Human Action: A Treatise on Economics, in 4 vols., ed. Bettina Bien Greaves (Indianapolis: Liberty Fund, 2007). Vol. 1.

Part of: Human Action: A Treatise on Economics, in 4 vols. (LF ed.)

About Liberty Fund:

Liberty Fund, Inc. is a private, educational foundation established to encourage the study of the ideal of a society of free and responsible individuals.


The Absolute End

In order to avoid any possible misinterpretation of the praxeological categories it seems expedient to emphasize a truism.

Praxeology, like the historical sciences of human action, deals with purposeful human action. If it mentions ends, what it has in view is the ends at which acting men aim. If it speaks of meaning, it refers to the meaning which acting men attach to their actions.

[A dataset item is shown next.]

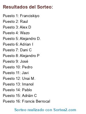Lista de participantes: Imanol, Wazo, Dani C, Francis Berrocal, Pablo, Raul, Alejandro P, Pedro, José, Alex D, Adrian I, Javi, Unai M., Adrián C, Alejandro D., Franciskiyo.
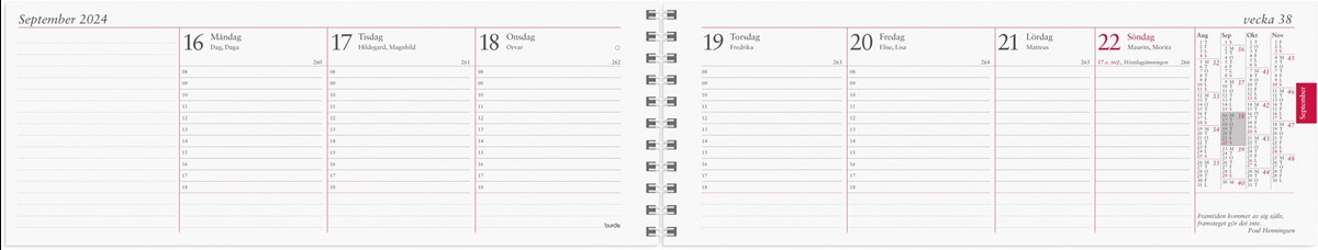 Kalender 2024 från Burde. Format: 255x95 mm. Layout: Stående. Vecka/Uppslag. Timindelning 8-18. Kalendarium: 2023-12-25 - 2025-01-05. Omslag: Papper. Spiralbunden. Innehåll: Årsöversikter, årsplaner. Antal sidor: 120. Miljöinformation: FSC.

Praxeology and history are manifestations of the human mind and as such are conditioned by the intellectual abilities of mortal men. Praxeology and history do not pretend to know anything about the intentions of an absolute and objective mind, about an objective meaning inherent in the course of events and of historical evolution, and about the plans which God or Nature or Weltgeist or Manifest Destiny is trying to realize in directing the universe and human affairs. They have nothing in common with what is called philosophy of history. They do not, like the works of Hegel, Comte, Marx, and a host of other writers, claim to reveal information about the true, objective, and absolute meaning of life and history.11

[11. ]On the philosophy of history, cf. Mises, Theory and History (New Haven, 1957), pp. 159 ff.